### So You Think You'd Like to be a Planet

Suppose, for example, that you are one of those 100 nanometer sized particles of rocky materials that populate the galaxy as a result of Supernovae and other major Stellar events. It's lonely out there in the cosmic void, so you would like to get together with friends to form a planet. How does one go about this?

First thing is, you've got to hang where the cool crowd does - in a large, cool (say 10 C above absolute zero), cloud of gas and dust. There's usually a bunch of them around the plane of the disc of any respectable spiral galaxy. You and your cloud may need a little push to get started - a nearby supernova or a density wave in the spiral galaxy, for example, but once your local cloud is gravitationally bound, you're on your way.

Once the cloud starts contracting, it begins to break up into small pieces. It's important at this point to stay in the thick of things, since the early stars get the gas - and dust. Be cool though, and hang on to some of your angular momentum, otherwise you just get sucked into the star and re-vaporized. At this point, you and your homies will be circulating about the protostar, with a lot of bumping and jostling which will circularize and flatten your orbits.
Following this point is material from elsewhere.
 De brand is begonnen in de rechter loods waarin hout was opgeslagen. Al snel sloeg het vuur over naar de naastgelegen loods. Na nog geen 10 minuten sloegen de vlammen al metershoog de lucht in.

At this point, the trick is for you and your posse to stick together. Gravity can't do that job for you yet, though the combined gravity of zillions of little particles can help you all clump into a rough disc, so actual sticking has to depend on chemical forces between surfaces. How big do the lumps have to get for gravity to start to be important?
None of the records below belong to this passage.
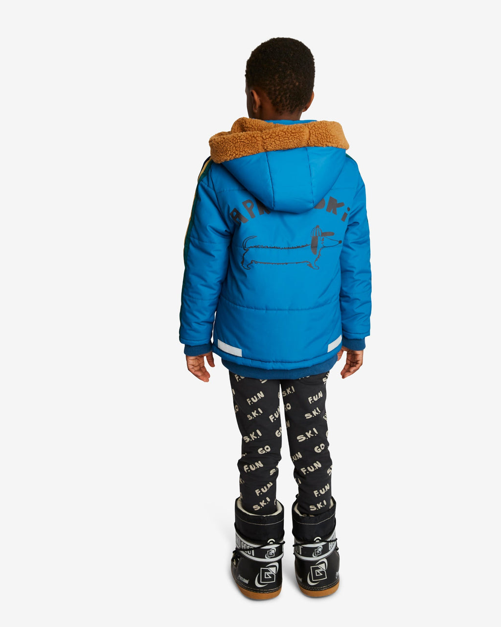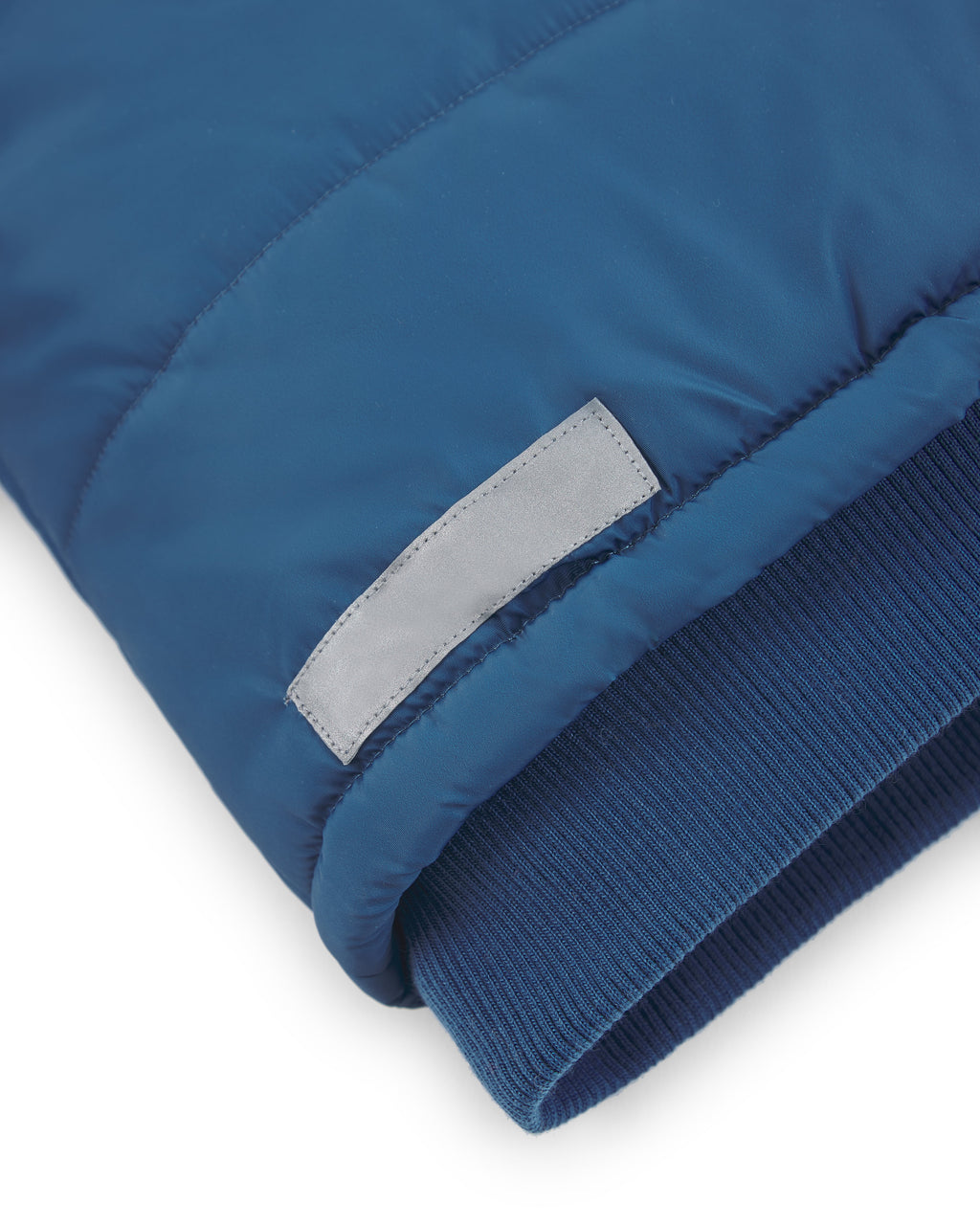 Abrigo de niño acolchado en color azul eléctrico con largo cadera y cierre de cremallera. Está forrado completamente con un calentito forro polar color verde. Lleva además un práctico cinturón en su interior para llevarlo atado en la cintura (así los papás no lo tienen que cargarlo ;))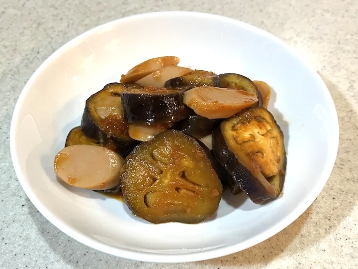 これはナスと魚肉ソーセージの炒め物。最後にトマトソースを加えて、さっと仕上げています。ナスにはすでに火が通っているので、味も染み込みやすいです。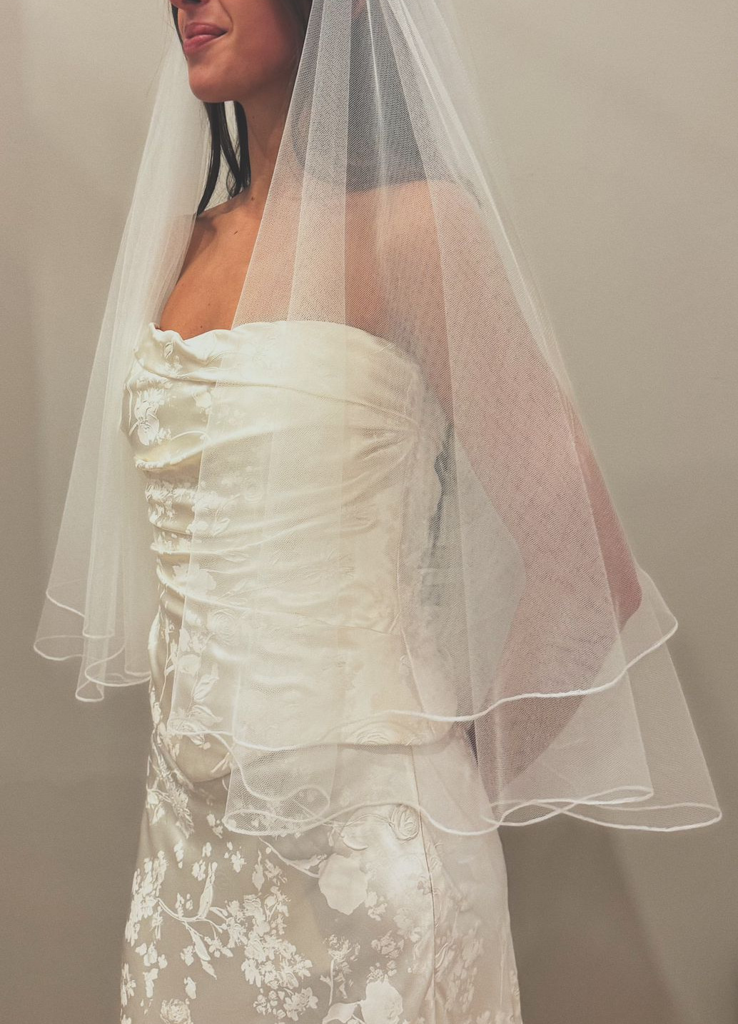 Two tier silk tulle veil custom made in our in house atelier. Fine edge detail for a touch of minimalist detail. Available single or double tier.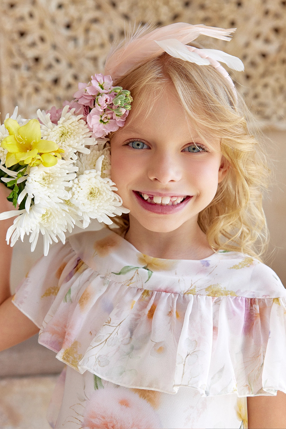 This charming white chiffon dress features an elegant flower print and distinctive cape sleeves.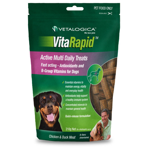 Vetalogica Vitarapid Active Multi Daily Treats can be given as a treat to dogs of all ages with or without food. Vetalogica Vitarapid Active Multi Daily Treats should be given in conjunction with a balanced diet. Vetalogica Vitarapid Active Multi Daily Treats can be used in conjunction with Vetalogica Canine Multi + Immune Complex.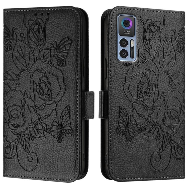 Funda de Cuero Antirrobo RFID para TCL 30 5G / 4G / 30+ con Rosa en Relieve (Negro)

Consider a sphere that has grown to 1 cm in radius - you and a few million-quadrillion other dust grains lumped together, maybe. The surface gravity of your little ball is given by G*M/r^2, where M = 4*pi*rho*r^3/3 where rho is the density. G = 6.67 x 10^-8 in cgs units, so if we assume rho = 1 g/cm^3, the density of water, surface gravity becomes about 2.8 x 10^-7 cm*s^-2. Note also, that for constant density, surface gravity scales with radius, so for an Earth sized planet of radius 6.4 x 10^8 cm, surface gravity would be 178 cm/s^2. Earth is about 5.5 times as dense as our hypothetical planet, so it's surface gravity is about 5.5 times as large, or 980 cm/s^2.

Another interesting parameter for you and your fellow dust grains is the escape velocity at the surface, given by Sqrt(2*G*M/r). For our 1 cm radius dust ball, it works out to about 7.5 x 10^-4 cm/s. Note that it too scales like radius, but only like the square root of density. Clearly that's a small speed, even by snail standards - so gravity isn't really any help at that scale. By the time you get to Earth size and density, though, the numbers get kind of big, 11.2 km/s.

How about a stadium sized fluffy rock of 100 meter (10^4 cm) radius? Escape velocity is still small - 7.5 cm/s, and you could definitely jump off. Scale that up to 10 km, and escape velocity becomes 7.5 m/s, and you would need to be fairly athletic to make the leap out of the gravitational field, so gravity is now a major player.